Бальдер ощущает смертельный холод в сердце, едва произнеся это слово.
Зов… Зов…
Неужели это зов Сумрачного Пути? Потребность познать, какова та, «другая» судьба.
«Я смеялся… Да… Не могу отрицать… Но какое отношение имеет мой смех к нынешней реальности? Пока Элена спит, пока Луисито спит, я замышляю то, что для них обернется несчастьем. И они не просыпаются. Что, если бы вообще бодрствовал один я? Но бодрствовать должна еще и Ирене. Может, в этот момент она, думая обо мне, предается вожделению. А если бы и так, мог бы я ее осудить? Скорее она спит».
Зов…
Тут Бальдер воображает, что, допустим, жена его вдруг проснулась, разбуженная «сигналом опасности». Элена садится в темноте на край постели и спрашивает: «Что с тобой, Бальдер? Почему ты не спишь?» Он на мгновение задумывается, потом отвечает: «Я размышляю о сумрачном пути».
Бальдеру хочется рассмеяться. Нелепо полагать, что о таких вещах можно разговаривать с женой, но с кем-то поговорить ему надо, хотя бы с собственной тенью. И он рассуждает так:
«Допустим, что это не моя жена. И я — другой человек, который говорит о Бальдере в третьем лице. О, в этом нет ничего приятного! Этот таинственный человек подходит и спрашивает меня:
— Что произойдет между Бальдером и тремя женщинами?
А я, притворяясь, что речь идет не обо мне, отвечаю:
— И вы еще спрашиваете, уважаемый сеньор? Разве вы сомневаетесь в том, что это будет скандал? Этот инженер-сластолюбец, между нами говоря, давно уже искал свой сумрачный путь.
— Инженер…
— Да, инженер, хоть вам и не верится. Инженер — что тут особенного? Вы думаете, инженеры не подвержены греху?

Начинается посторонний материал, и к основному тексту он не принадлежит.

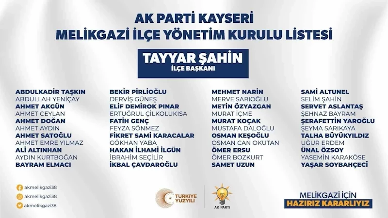 Geçtiğimiz günlerde AK Parti Melikgazi İlçe Başkanı olarak göreve Tayyar Şahin göreve getirilmişti. İlçe başkanlığının belirlenen yönetimi şu şekilde oluştu:
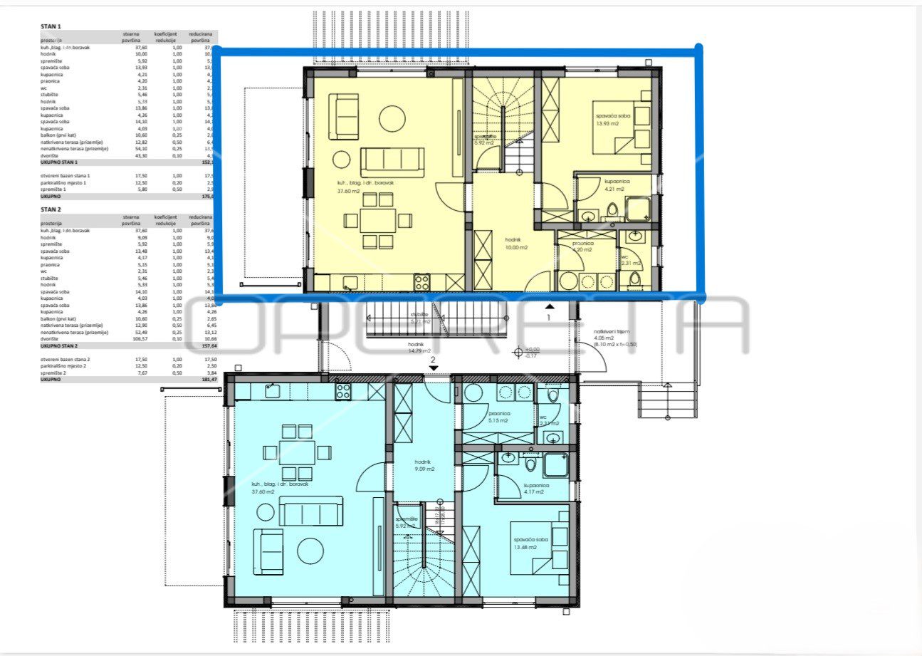 Prodaje se dvoetažan stan S1 ukupne površine 152,13m2 s bazenom i prelijepim pogledom na more
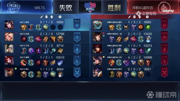 电竞赛事战报2020KPL秋季赛常规赛,成都AG超玩会 vs WB.TS。
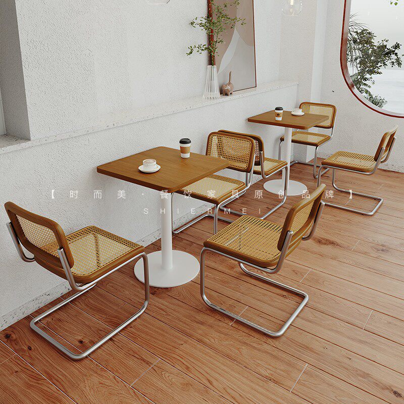 Cafe Dining Room Japanese Rattan Chair Leisure Net Red Designer Chair Milk Tea Dessert Cold Drink Shop Dining Table and Chair Combination
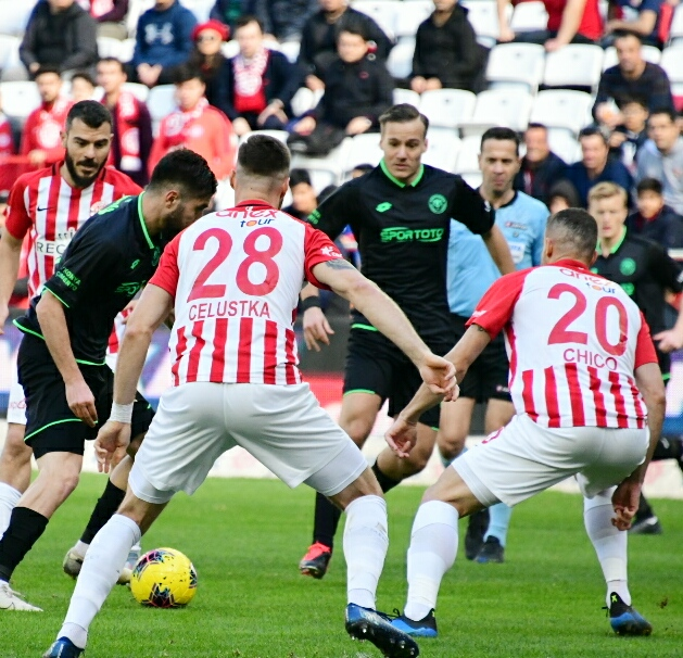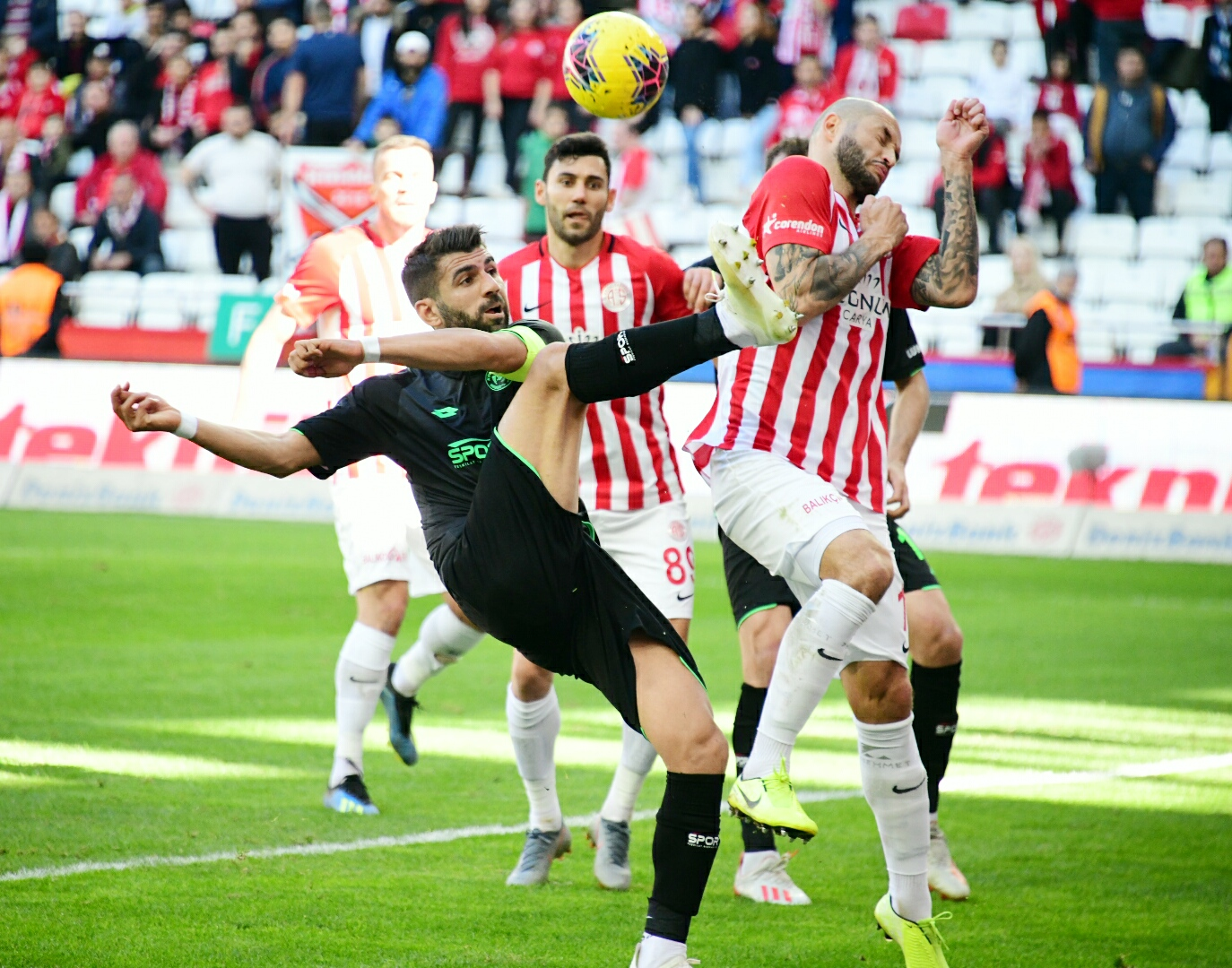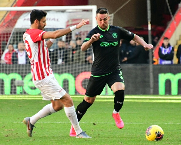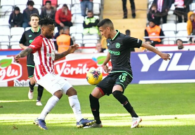 Süper Lig 2019-2020 Cemil Usta Sezonu 20.hafta maçında deplasmanda Antalyaspor ile karşılaşan İttifak Holding Konyaspor’umuz, her iki yarısında da yakaladığı fırsatları değerlendiremediği ve bir golünün iptal edildiği mücadeleden 0-0’lık beraberlikle ve 1 puanla ayrılmak zorunda kaldı. Antalya Stadyumu’nda saat 14:00’da başlayan karşılaşmayı Kulüp Başkanımız Hilmi Kulluk, yöneticilerimiz ile yaklaşık 1000 taraftarımızın takip ettiği karşılaşmanın ilk yarısında İttifak Holding Konyaspor’umuz Deni Milosevic, Volkan Fındıklı ve Marin Anicic ile yakaladığı pozisyonlarda kaleci Boffin’i geçemedi. 45+1.dakikada takımımızın Rogerio Thuram ile bulduğu gol VAR incelemesi sonrasında ofsayt gerekçesiyle iptal edildi ve ilk yarı 0-0 sona erdi. İkinci yarıda oyuna giren yeni transferimiz Robert Mak ile yakaladığı iki net fırsatta golü bulamayan takımımız sonuç değişmeyince mücadeleden 0-0’lık sonuçla ve 1 puanla ayrıldı. STAD: Antalya Stadyumu HAKEMLER: Halis Özkahya, Serkan Ok, Süleyman Özay ANTALYASPOR: Boffin, Bünyamin, Celutska, Veysel Sarı, Kudriashov, Chico, Yekta (Dk.69 Charles), Fredy, Mukairu, Sinan Gümüş (Dk.79 Doğukan), Gustavo Blanco (Dk.64 Amilton) YEDEKLER: Ferhat, Ersan Adem Gülüm, Eren Albayrak, Charles, Ufuk Akyol, Harun Alpsoy, Hakan Özmert, Lukas Podolski TEKNİK SORUMLU: Tamer Tuna İTTİFAK HOLDİNG KONYASPOR: Serkan Kırıntılı, Ömer Ali Şahiner, Selim Ay, Marin Anicic, Guilherme Sitya, Volkan Fındıklı, Jens Jonsson, Levan Shengelia (Dk.74 Paolo Hurtado), Faruku Miya (Dk.56 Robert Mak), Deni Milosevic, Rogerio Thuram (Dk.85 Riad Bajic) YEDEKLER: Ertuğrul, Mücahit Atalay, Ali Turan, Uğur Demirok, Amir Hadziahmetovic, Alper Uludağ, Nejc Skubic TEKNİK SORUMLU: Aykut Kocaman SARI KARTLAR: Bünyamin, Veysel Sarı, Charles (Antalyaspor) GOL: Yok

— Нет, по правде говоря, я не мог бы утверждать такую нелепицу… Но инженер…
— Бог мой, сеньор, как туго вы соображаете. Впрочем, у вас нет оснований мне не верить, ведь я исхожу из откровенных высказываний того, о ком мы говорим, — инженера… Так на чем мы остановились?.. А-а, на том, что он давно уже искал свой сумрачный путь.
— Для чего?..
— В том-то и секрет, уважаемый сеньор. Похоже, он по доброй воле хочет поставить на карту собственное счастье и „спасение“ своей души. Даже как-то раз он сказал мне, что дух его дал трещину, а в эту трещину забрался дьявол и подстрекает его играть комедию, когда душа его тихо ждет драмы, которая окончательно разорвала бы пелену, превратившую его в идиота».